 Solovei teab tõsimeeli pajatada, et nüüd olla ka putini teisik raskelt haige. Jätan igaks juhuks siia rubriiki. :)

※ ※ ※

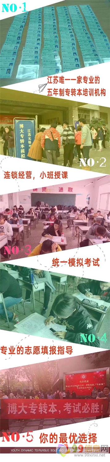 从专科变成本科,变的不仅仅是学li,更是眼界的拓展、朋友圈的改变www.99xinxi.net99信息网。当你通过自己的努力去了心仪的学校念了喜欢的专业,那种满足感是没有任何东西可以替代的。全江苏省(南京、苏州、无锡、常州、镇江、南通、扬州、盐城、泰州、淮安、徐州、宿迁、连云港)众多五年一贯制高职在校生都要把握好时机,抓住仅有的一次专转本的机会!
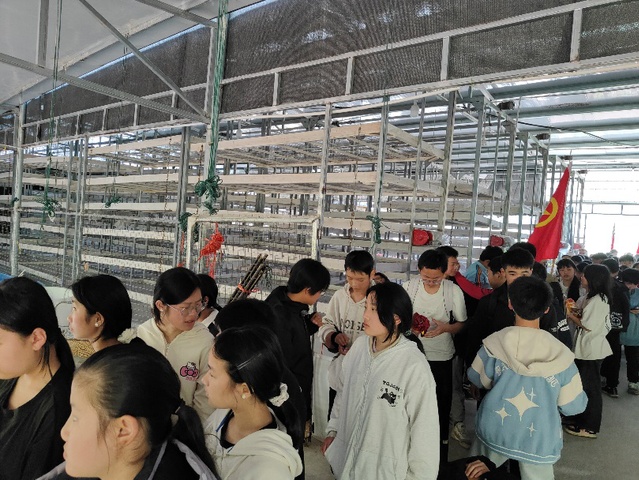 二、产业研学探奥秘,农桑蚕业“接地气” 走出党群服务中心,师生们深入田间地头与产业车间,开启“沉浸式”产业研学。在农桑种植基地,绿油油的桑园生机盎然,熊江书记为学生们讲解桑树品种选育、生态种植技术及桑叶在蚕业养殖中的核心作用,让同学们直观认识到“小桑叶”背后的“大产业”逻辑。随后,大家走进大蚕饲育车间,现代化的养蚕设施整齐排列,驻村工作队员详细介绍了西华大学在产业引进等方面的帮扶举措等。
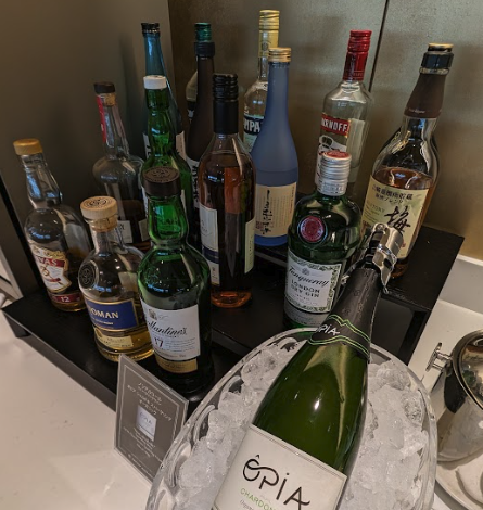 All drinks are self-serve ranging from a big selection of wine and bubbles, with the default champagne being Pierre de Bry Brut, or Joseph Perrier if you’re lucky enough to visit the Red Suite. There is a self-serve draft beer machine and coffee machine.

※ ※ ※

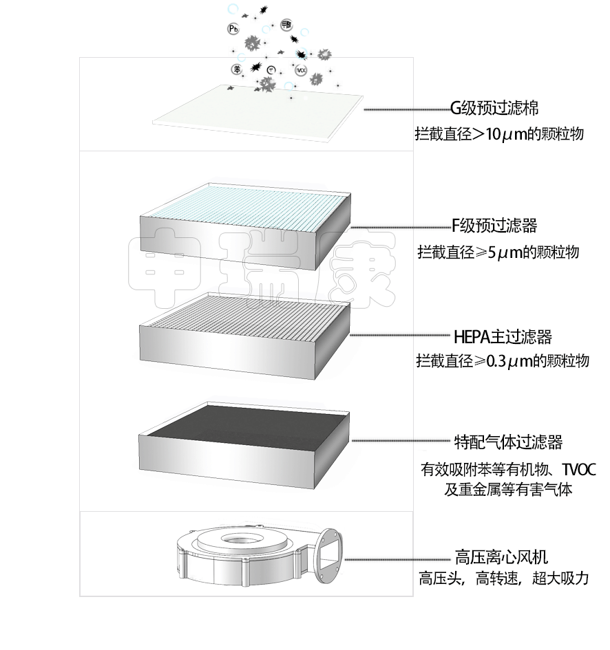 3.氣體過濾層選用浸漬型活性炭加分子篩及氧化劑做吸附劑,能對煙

※ ※ ※

Work instruction
Write out word for word the lines above that run from the one with "从专科变成本科,变的不仅仅是" to the one with "All drinks are". Include both end lines; exclude the images.

Task result
 从专科变成本科,变的不仅仅是学li,更是眼界的拓展、朋友圈的改变www.99xinxi.net99信息网。当你通过自己的努力去了心仪的学校念了喜欢的专业,那种满足感是没有任何东西可以替代的。全江苏省(南京、苏州、无锡、常州、镇江、南通、扬州、盐城、泰州、淮安、徐州、宿迁、连云港)众多五年一贯制高职在校生都要把握好时机,抓住仅有的一次专转本的机会!
 二、产业研学探奥秘,农桑蚕业“接地气” 走出党群服务中心,师生们深入田间地头与产业车间,开启“沉浸式”产业研学。在农桑种植基地,绿油油的桑园生机盎然,熊江书记为学生们讲解桑树品种选育、生态种植技术及桑叶在蚕业养殖中的核心作用,让同学们直观认识到“小桑叶”背后的“大产业”逻辑。随后,大家走进大蚕饲育车间,现代化的养蚕设施整齐排列,驻村工作队员详细介绍了西华大学在产业引进等方面的帮扶举措等。
 All drinks are self-serve ranging from a big selection of wine and bubbles, with the default champagne being Pierre de Bry Brut, or Joseph Perrier if you’re lucky enough to visit the Red Suite. There is a self-serve draft beer machine and coffee machine.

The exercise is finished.